# Chris Chan Mockery Artwork



## Runanhai (Jul 1, 2014)

I'm sick and tired of getting updates of his Ebay bullsh*t, follow by begging for high dosage of money for crappy artwork. So inspired by his stupidity, I've decided to make art mockery on our internet's favorite pest Christian Weston Chandler the 32 year old manchild. Feel free to look him up. BTW the bidding for these awesome artworks that I totally didn't copy over his TRUE and HONEST ORIGINAL artwork will start at $500,000,000,000,000.00 per piece lol. Don't worry. More will come at a higher price.





LINK:
https://www.facebook.com/marcanthon...al_comments=11&ref=notif&notif_t=feed_comment


----------



## Dr.
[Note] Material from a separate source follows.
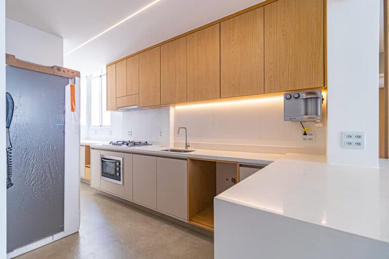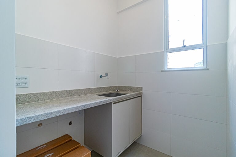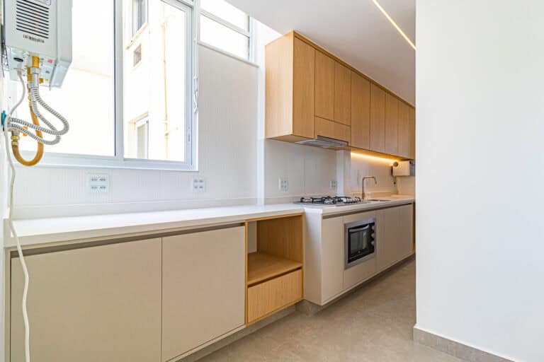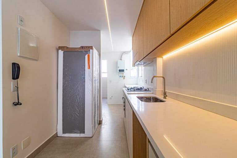 A cozinha, além de linda, é bastante arejada. Tem uns janelões que trazem muita luz e brisa ao ambiente. Está totalmente equipada e decorada com um belo projeto de marcenaria. Conta ainda com área de serviço separada e WC.

Meme (Jul 1, 2014)

This belongs in the fan art thread


----------



## Chelonian (Jul 1, 2014)

INB4 Merge.


----------



## Dollars2010 (Jul 1, 2014)

Here's the correct place to post your fanart:
http://cwckiforums.com/threads/the-brand-spanking-new-true-and-honest-fanart-thread.36/


----------



## Runanhai (Jul 1, 2014)

Dr. Teem said:


> This belongs in the fan art thread


 Sorry about that. I'll make sure it'll get there.


----------



## TL 611 (Jul 1, 2014)

... You didn't even post this in the right forum


----------



## FramerGirl420 (Jul 1, 2014)

Runanhai said:


> Feel free to look him up.


I may have to..never heard of this strange fellow...


----------



## Uzumaki (Jul 1, 2014)

Spergatory is over one.


----------



## Runanhai (Jul 1, 2014)

Melchett said:


> ... You didn't even post this in the right forum


 I know, I know. I put it on the fan art section. New to this forum. Sorry.


----------



## Backwards Harvester (Jul 1, 2014)

Runanhai said:


> I know, I know. I put it on the fan art section. New to this forum. Sorry.


Welcome.  Hope you like it here


----------



## LM 697 (Jul 1, 2014)

Thank you for reposting this in the fan art thread, OP.


----------